**Exercise requirements**
Every line below must be reproduced exactly; no pictures are to be included.

**Data segment**
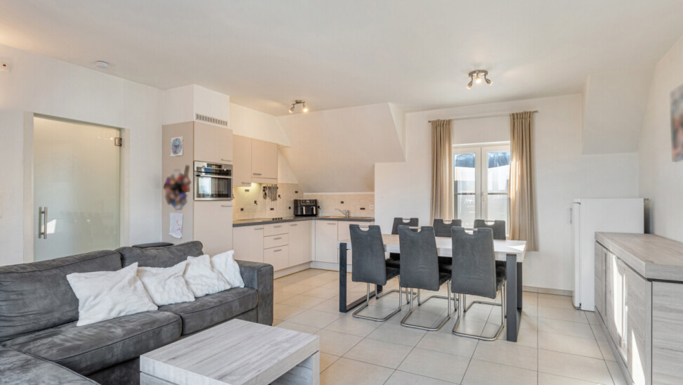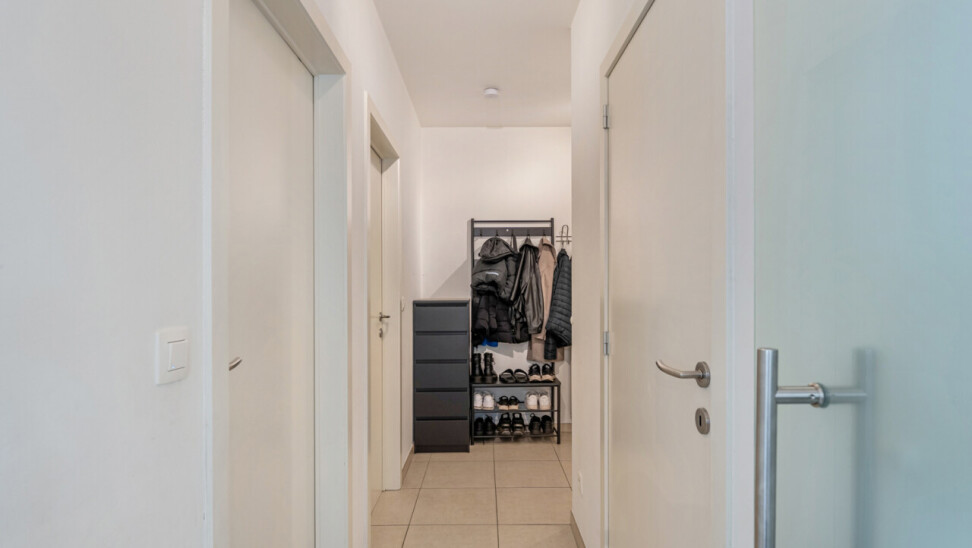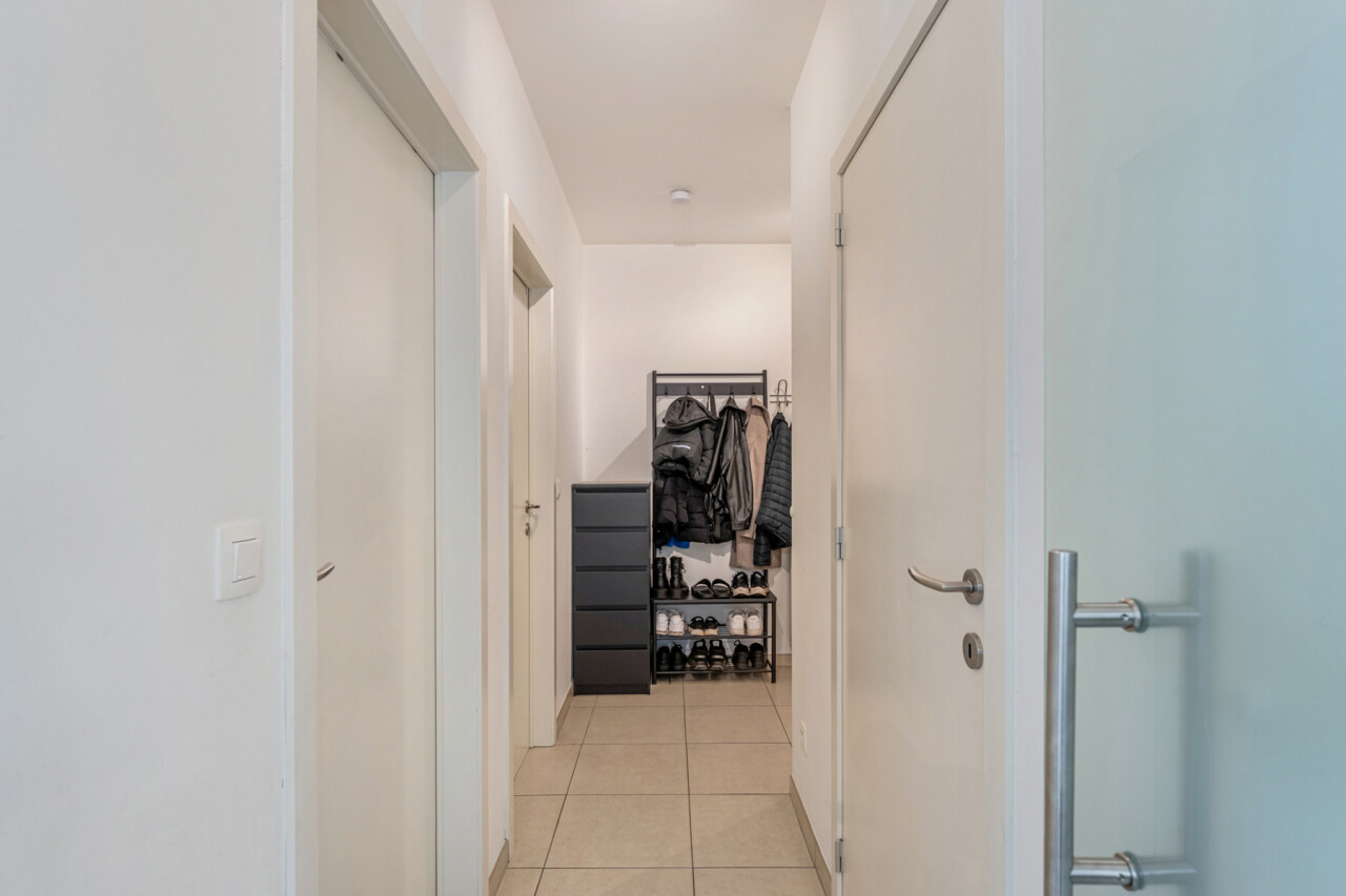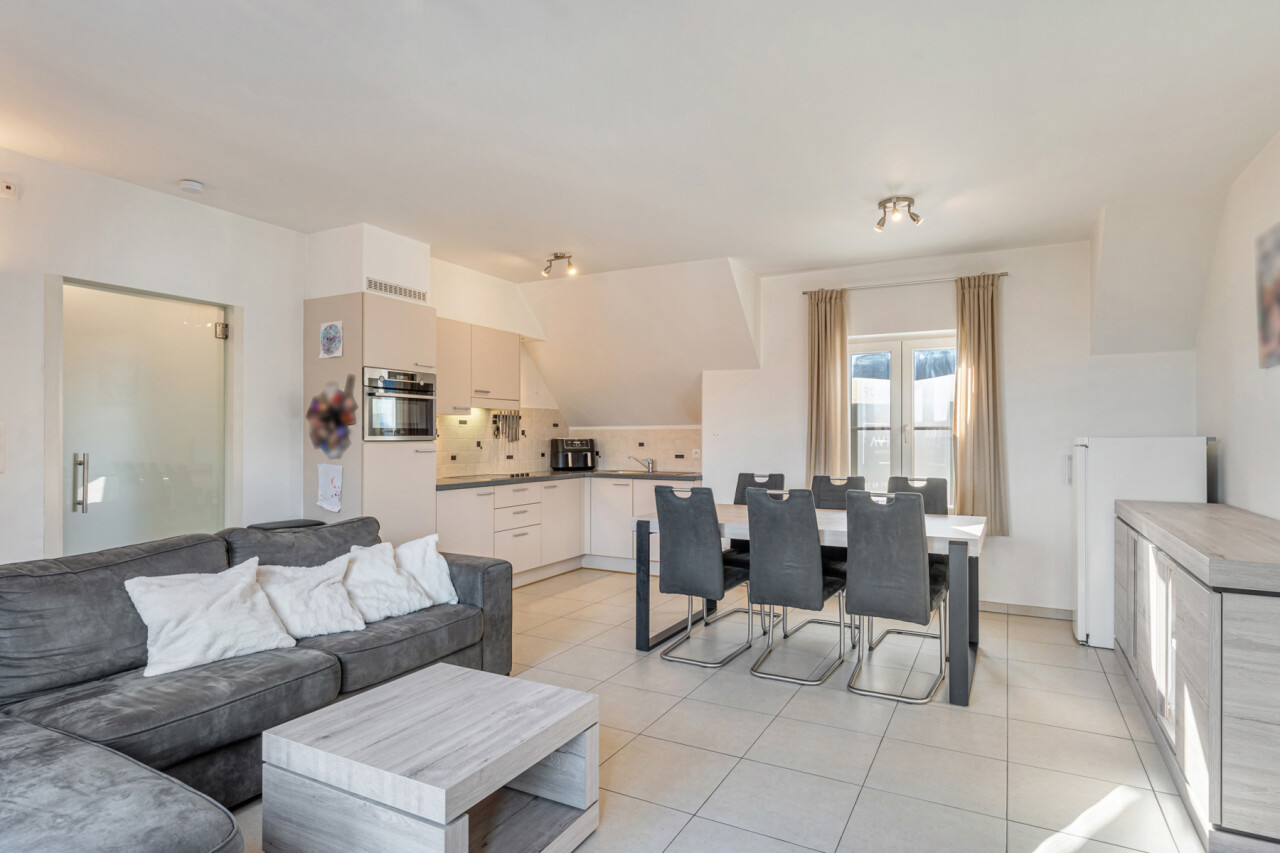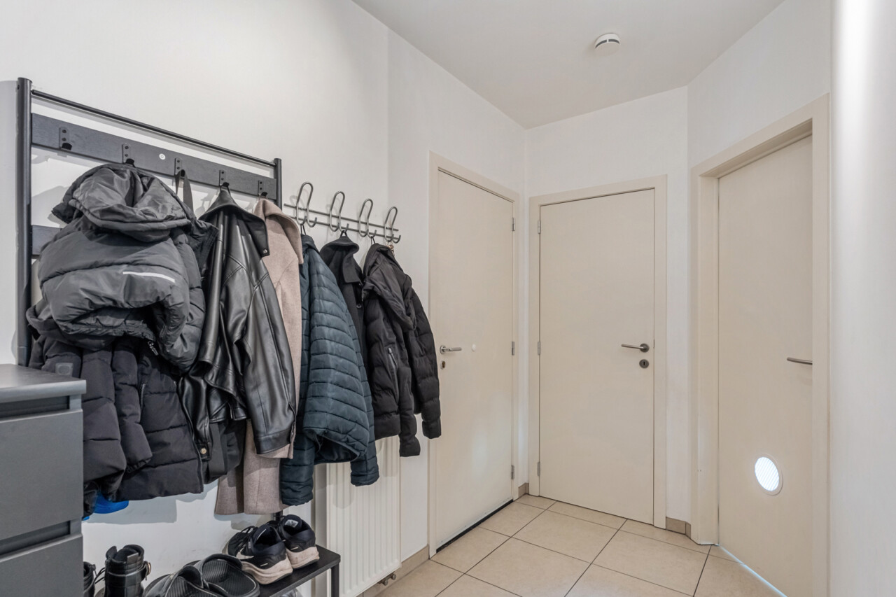 Via de inkomhal met apart toilet, lopen we door naar de lichtrijke leefruimte met zicht op het terras. De open keuken is volledig geïnstalleerd en beschikt over voldoende kastruimte.
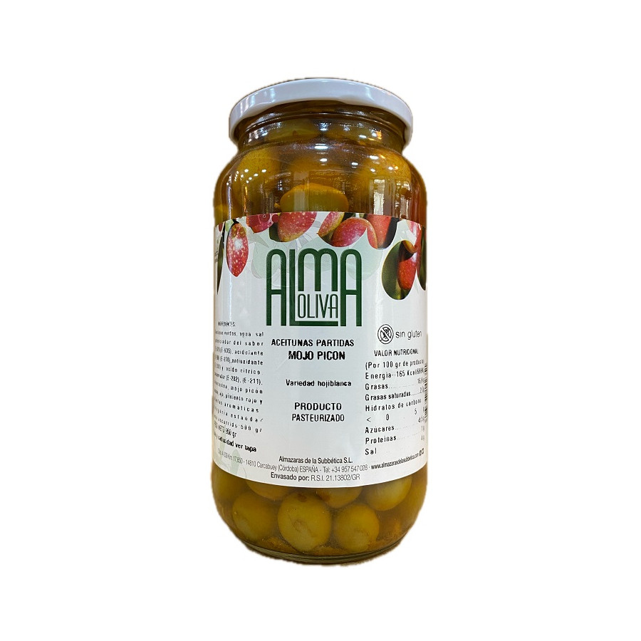 ACEITUNAS PARTIDAS MOJO PICÓN 950 gr VARIEDAD HOJIBLANCA ALMA OLIVA
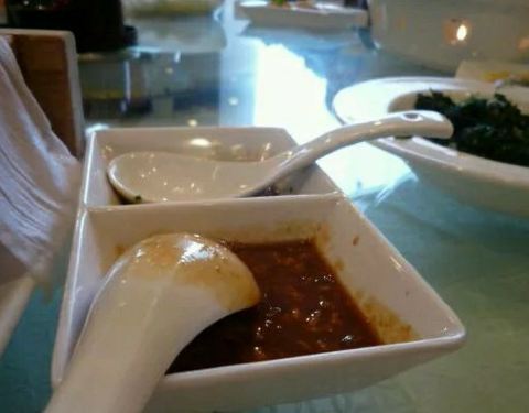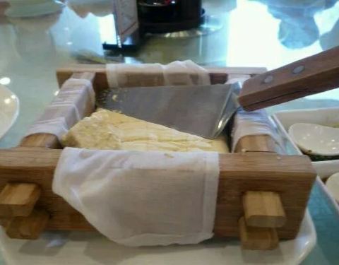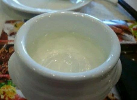 【口味】:自制石磨豆腐,这个作法感觉很像陕北老豆腐的做法!也是一个小方笼,然后配上调料供选择。其实笔者觉得这个豆腐还是蛮好吃的,不用蘸料也可以。还有一个汤!放在洋瓷缸子里,怀旧。
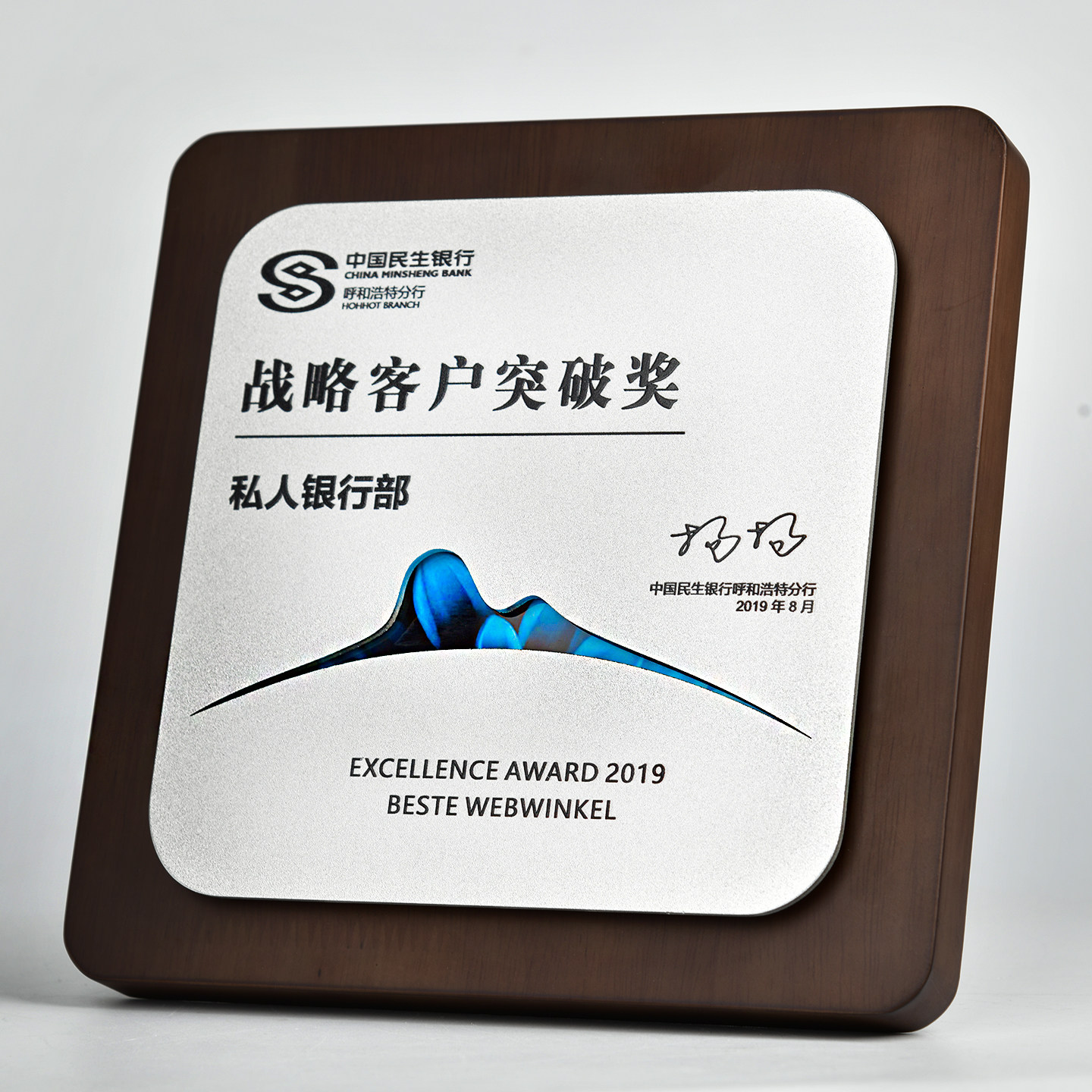 授权牌匾铝合金浮雕镜面证书加盟商会奖杯胡桃木水晶金属奖牌定制

**Response**
 Via de inkomhal met apart toilet, lopen we door naar de lichtrijke leefruimte met zicht op het terras. De open keuken is volledig geïnstalleerd en beschikt over voldoende kastruimte.
 ACEITUNAS PARTIDAS MOJO PICÓN 950 gr VARIEDAD HOJIBLANCA ALMA OLIVA
 【口味】:自制石磨豆腐,这个作法感觉很像陕北老豆腐的做法!也是一个小方笼,然后配上调料供选择。其实笔者觉得这个豆腐还是蛮好吃的,不用蘸料也可以。还有一个汤!放在洋瓷缸子里,怀旧。
 授权牌匾铝合金浮雕镜面证书加盟商会奖杯胡桃木水晶金属奖牌定制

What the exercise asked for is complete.